Supplied information:

= Beginning of Section =

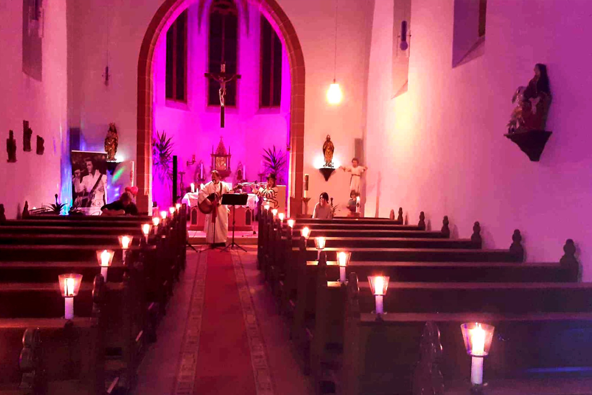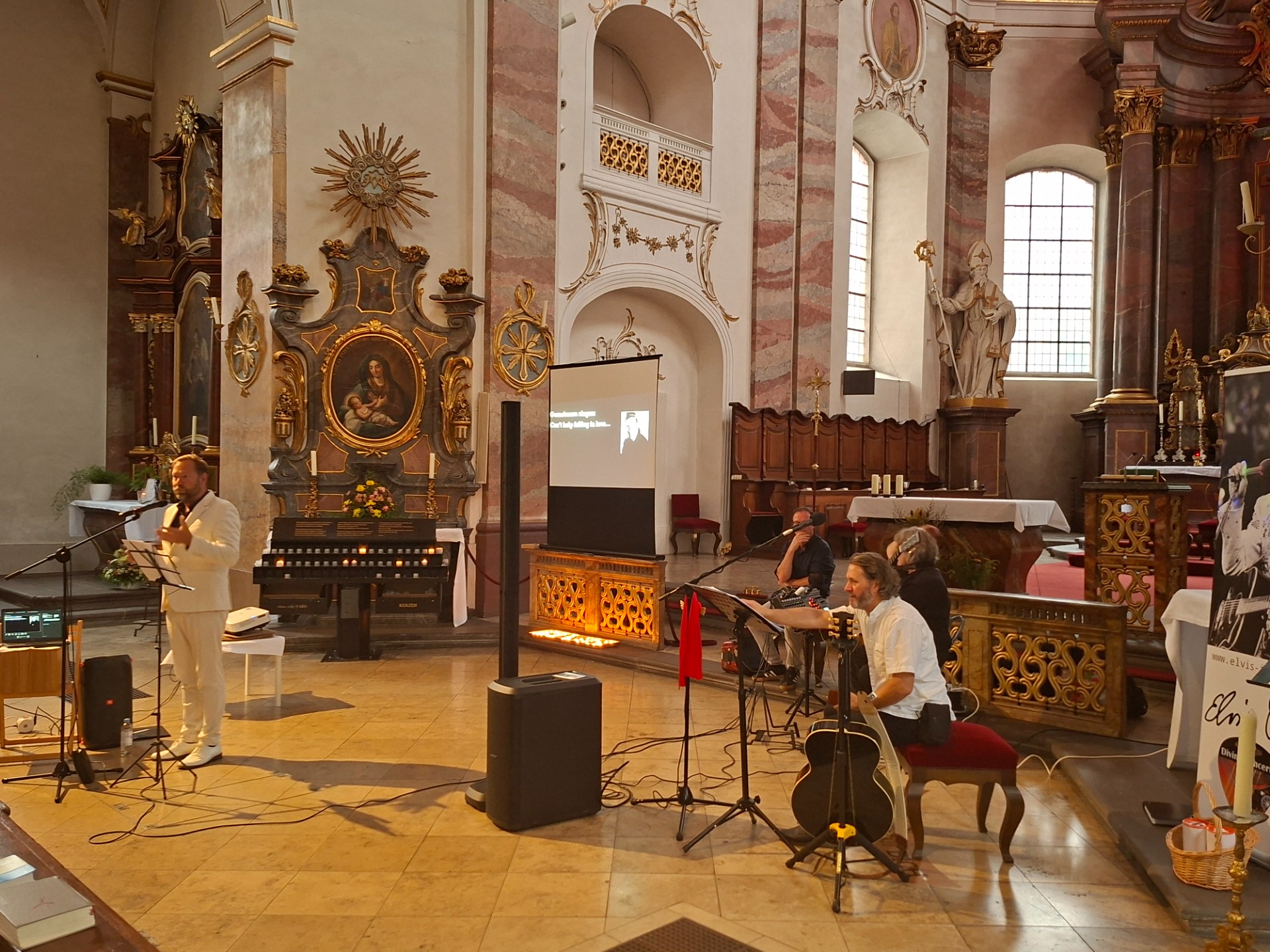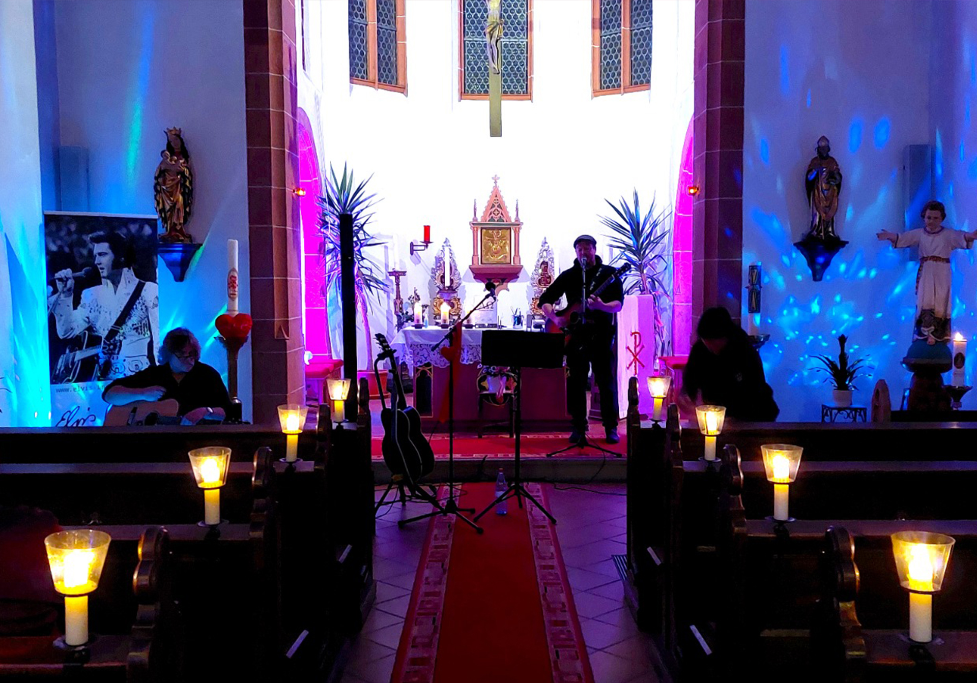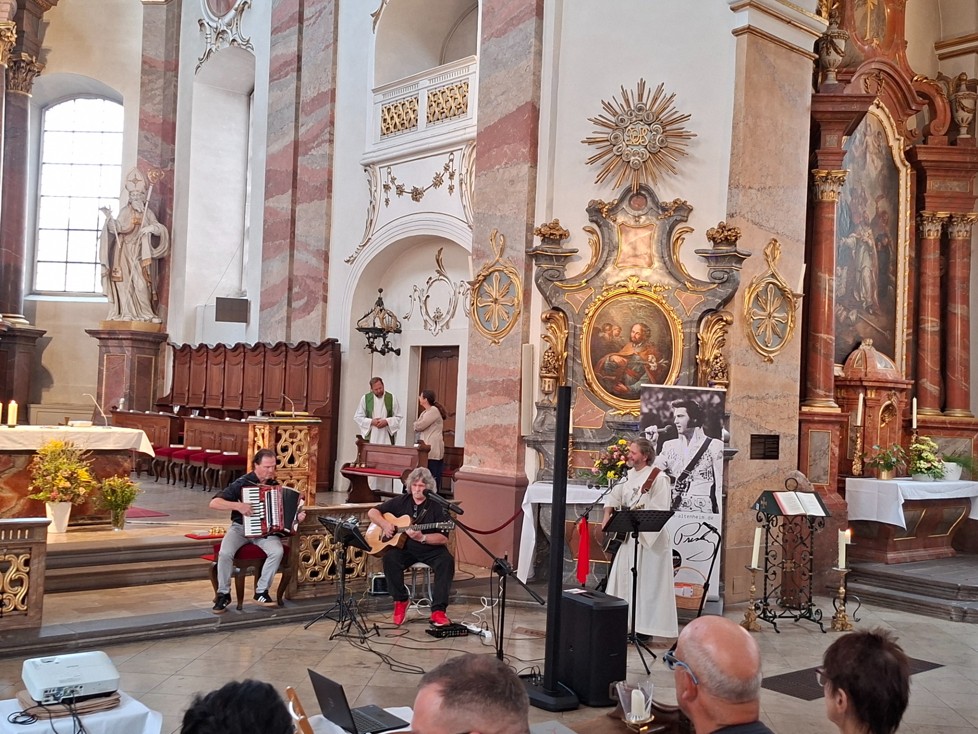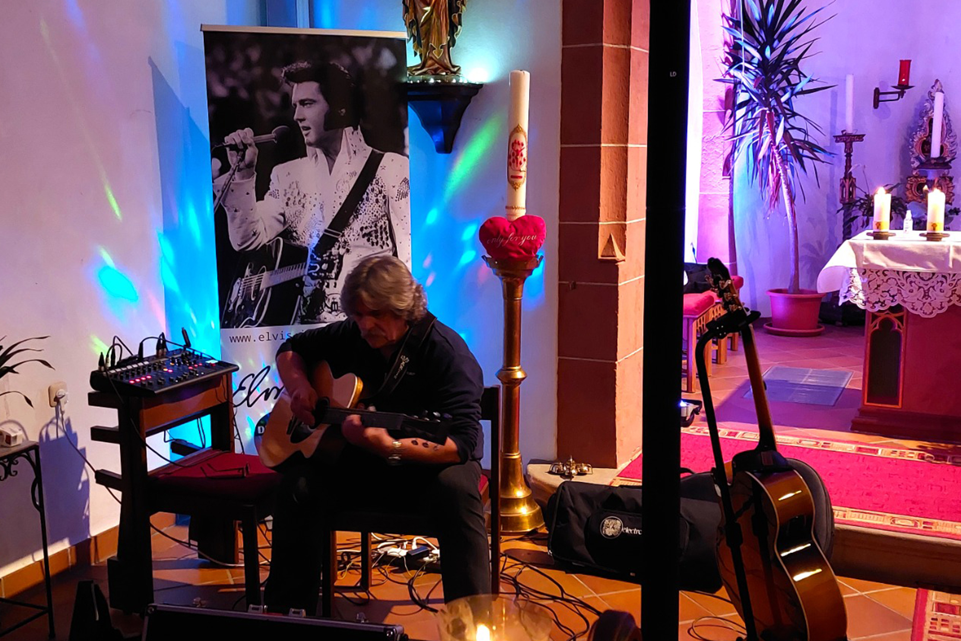 Am 16. August 2025, dem Todestag von Elvis Aaron Presley, erlebte die Fuldaer Stadtpfarrkirche einen unvergesslichen Samstag, als sie Gastgeberin der besonderen „Elvis-Reise” war. „Crying in the Chapel” war das Motto des Tages. Nach der bewegenden Abendmesse mit Stadtpfarrer Buß entfaltete sich ein Programm, das die Herzen der Anwesenden im Sturm eroberte. Dank der sorgfältigen Organisation von Diakon Dr. Meins Coetsier, Divine Concern, Helmut Krause und dem engagierten Team der Fuldaer Stadtpfarrei wurde ein unvergessliches Erlebnis geschaffen. Die schön beleuchtete Kirche erstrahlte dabei in einem ganz besonderen Glanz. Die Messe und der anschließende Abend waren sehr gut besucht und entwickelten im Laufe der Zeit einen mitreißenden Schwung, bei dem ausgelassen mitgesungen, begeistert geklatscht und sogar getanzt wurde. Pfarrer Fred Omvlee aus den Niederlanden führte die Menschen mit einer einzigartigen Mischung aus Leben, Glauben und der unsterblichen Musik des „King of Rock ’n’ Roll” durch den Abend. Dies begeisterte nicht nur eingefleischte Fans, sondern auch viele neugierige Besucher und machte diesen Abend zu einem strahlenden Höhepunkt im von Papst Franziskus ausgerufenen Heiligen Jahr.
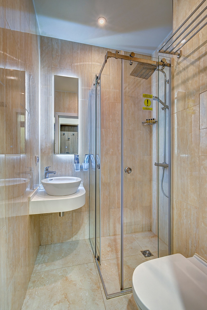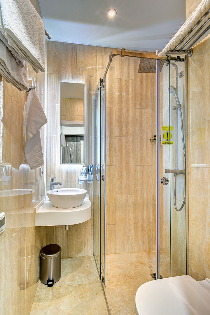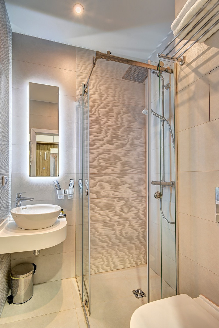 - В номере: душ, туалет, ТВ, кондиционер, мини-кухня, электрочайник, диван, балкон
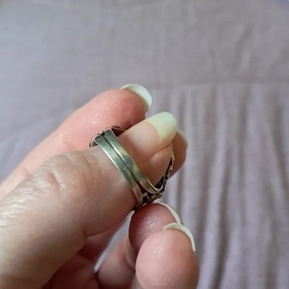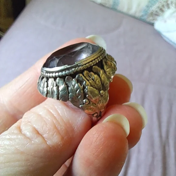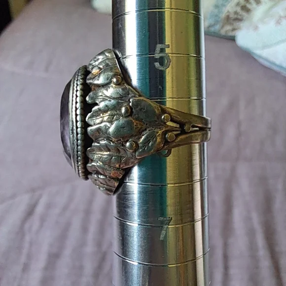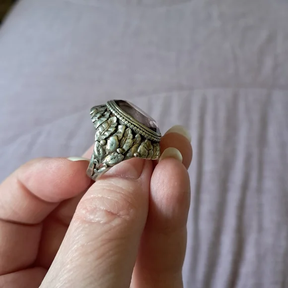 Elegant antique substantial amethyst Sterling silver ring. Handmade with heavy Sterling silver floral motif and beautiful detailing along the bezel setting. Some wear on the stone due to age. Truly gorgeous piece. Not marked but tested using Niton DXL Precious Metal Analyzer as Sterling. Size 6.
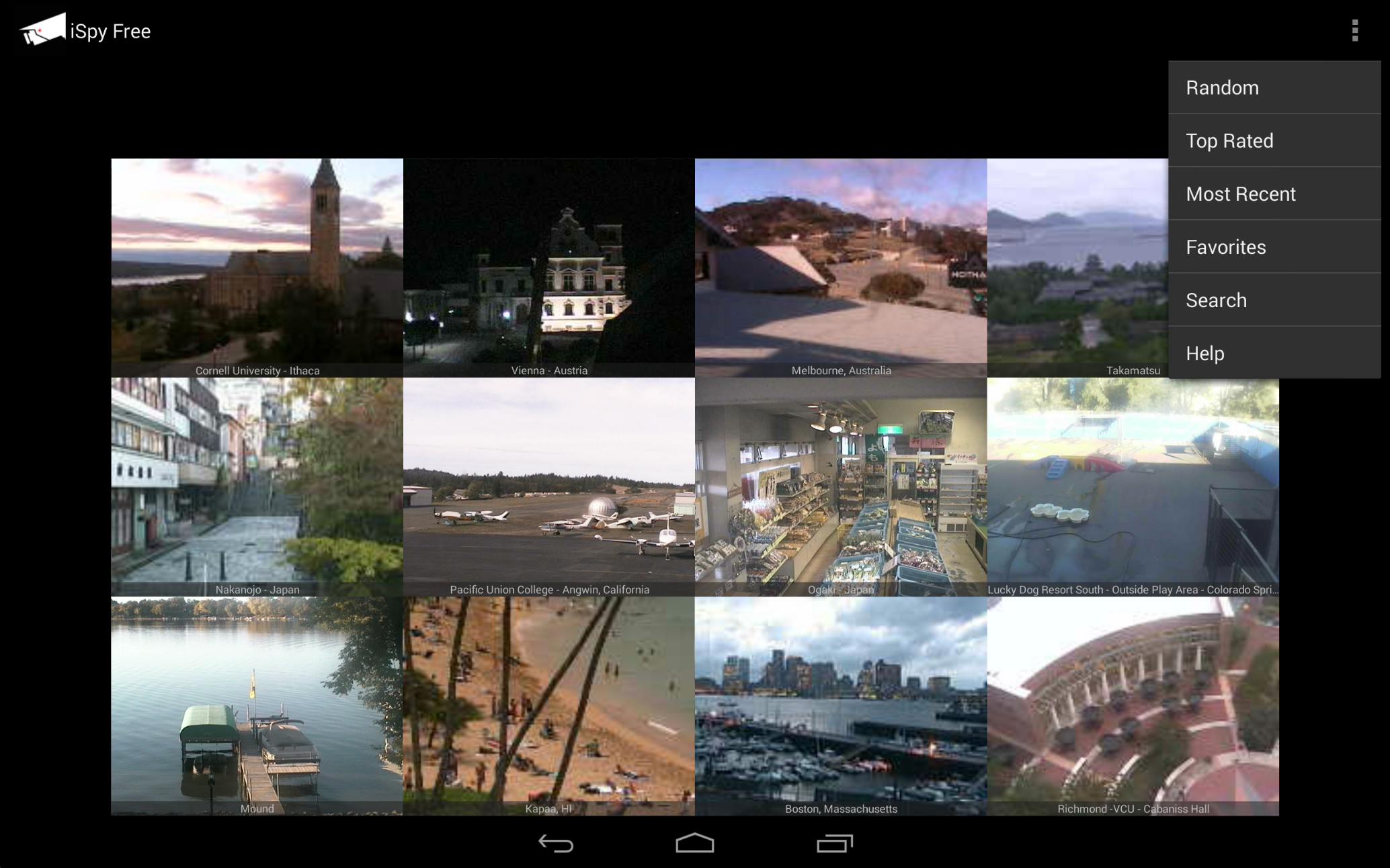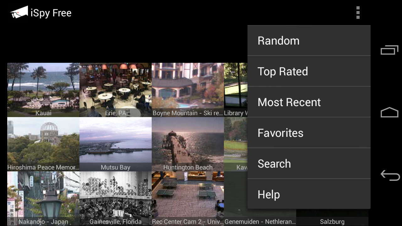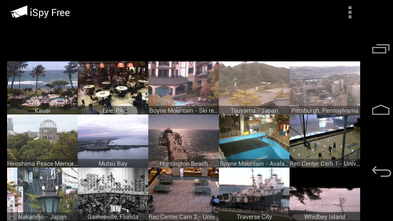iSpy Cameras Free is the free, ad-supported version of iSpy Cameras. iSpy Cameras Free allows you to view and control thousands of public video cameras from around the world in real-time from your Android device over WiFi and EDGE/3G/4G/LTE. iSpy Cameras has been the #1 Paid iPhone App in the UK, Ireland, Italy, Sweden, Korea, and Croatia as well as the #1 Paid iPhone Entertainment App in Japan, Hong Kong, and Australia. iSpy Cameras was also one of the Top 10 Bestselling Paid Entertainment iPad Apps of 2010! Yes, the cameras are all LIVE! Nothing is pre-recorded! Check out this thread in our discussion forum for our responses to some of the iPhone iSpy Cameras reviews: http://skjm.com/forum/index.php?topic=504.0 We have thousands of cameras in our database, with daily updates to remove any cameras that may have temporarily gone offline. New quality cameras are added every week! Choose "Most Recent" from the menu to see the latest live cams! To view cameras from a certain area, choose "Search" from the menu. To request cameras from a specific area, please send us an e-mail or let us know in the discussion forum as opposed to requesting it in a 1-star review. Thanks! :) Visit http://skjm.com/ispy/vid.php to view the iSpy Demo & Features video! - Swipe back and forth between pages of camera thumbnails that are updating in real-time. - Tap a thumbnail to zoom in. Double-tap or press Back to zoom out. - If the camera supports it, tap the Control button to control it. (You may have to wait in line for your turn.) - Swipe to move the camera, pinch to zoom in and out. (Zoom may not be supported by some cameras.) - Choose from a number of camera presets, if available. - Save cameras as your favorites. - Save snapshots to your Gallery. - Rate cameras. Press Menu to choose from the following camera lists: - Random - Displays a random selection of cameras. - Top Rated - Displays the cameras sorted by average rating. - Most Recent - Displays the cameras sorted by the date and time they were added. - Favorites - Displays your favorite cameras. You can also search through the database of cameras by Category, Country, State, City, or Keywords. If you are looking to connect to your own private webcams and network cameras (and receive Notifications on your device when motion is detected) then check out our other application, iCam - http://skjm.com/icam/

= End of Section =

Assignment:
Exclude all images and retype the data precisely.

Response for this exercise:
 Am 16. August 2025, dem Todestag von Elvis Aaron Presley, erlebte die Fuldaer Stadtpfarrkirche einen unvergesslichen Samstag, als sie Gastgeberin der besonderen „Elvis-Reise” war. „Crying in the Chapel” war das Motto des Tages. Nach der bewegenden Abendmesse mit Stadtpfarrer Buß entfaltete sich ein Programm, das die Herzen der Anwesenden im Sturm eroberte. Dank der sorgfältigen Organisation von Diakon Dr. Meins Coetsier, Divine Concern, Helmut Krause und dem engagierten Team der Fuldaer Stadtpfarrei wurde ein unvergessliches Erlebnis geschaffen. Die schön beleuchtete Kirche erstrahlte dabei in einem ganz besonderen Glanz. Die Messe und der anschließende Abend waren sehr gut besucht und entwickelten im Laufe der Zeit einen mitreißenden Schwung, bei dem ausgelassen mitgesungen, begeistert geklatscht und sogar getanzt wurde. Pfarrer Fred Omvlee aus den Niederlanden führte die Menschen mit einer einzigartigen Mischung aus Leben, Glauben und der unsterblichen Musik des „King of Rock ’n’ Roll” durch den Abend. Dies begeisterte nicht nur eingefleischte Fans, sondern auch viele neugierige Besucher und machte diesen Abend zu einem strahlenden Höhepunkt im von Papst Franziskus ausgerufenen Heiligen Jahr.
 - В номере: душ, туалет, ТВ, кондиционер, мини-кухня, электрочайник, диван, балкон
 Elegant antique substantial amethyst Sterling silver ring. Handmade with heavy Sterling silver floral motif and beautiful detailing along the bezel setting. Some wear on the stone due to age. Truly gorgeous piece. Not marked but tested using Niton DXL Precious Metal Analyzer as Sterling. Size 6.
iSpy Cameras Free is the free, ad-supported version of iSpy Cameras. iSpy Cameras Free allows you to view and control thousands of public video cameras from around the world in real-time from your Android device over WiFi and EDGE/3G/4G/LTE. iSpy Cameras has been the #1 Paid iPhone App in the UK, Ireland, Italy, Sweden, Korea, and Croatia as well as the #1 Paid iPhone Entertainment App in Japan, Hong Kong, and Australia. iSpy Cameras was also one of the Top 10 Bestselling Paid Entertainment iPad Apps of 2010! Yes, the cameras are all LIVE! Nothing is pre-recorded! Check out this thread in our discussion forum for our responses to some of the iPhone iSpy Cameras reviews: http://skjm.com/forum/index.php?topic=504.0 We have thousands of cameras in our database, with daily updates to remove any cameras that may have temporarily gone offline. New quality cameras are added every week! Choose "Most Recent" from the menu to see the latest live cams! To view cameras from a certain area, choose "Search" from the menu. To request cameras from a specific area, please send us an e-mail or let us know in the discussion forum as opposed to requesting it in a 1-star review. Thanks! :) Visit http://skjm.com/ispy/vid.php to view the iSpy Demo & Features video! - Swipe back and forth between pages of camera thumbnails that are updating in real-time. - Tap a thumbnail to zoom in. Double-tap or press Back to zoom out. - If the camera supports it, tap the Control button to control it. (You may have to wait in line for your turn.) - Swipe to move the camera, pinch to zoom in and out. (Zoom may not be supported by some cameras.) - Choose from a number of camera presets, if available. - Save cameras as your favorites. - Save snapshots to your Gallery. - Rate cameras. Press Menu to choose from the following camera lists: - Random - Displays a random selection of cameras. - Top Rated - Displays the cameras sorted by average rating. - Most Recent - Displays the cameras sorted by the date and time they were added. - Favorites - Displays your favorite cameras. You can also search through the database of cameras by Category, Country, State, City, or Keywords. If you are looking to connect to your own private webcams and network cameras (and receive Notifications on your device when motion is detected) then check out our other application, iCam - http://skjm.com/icam/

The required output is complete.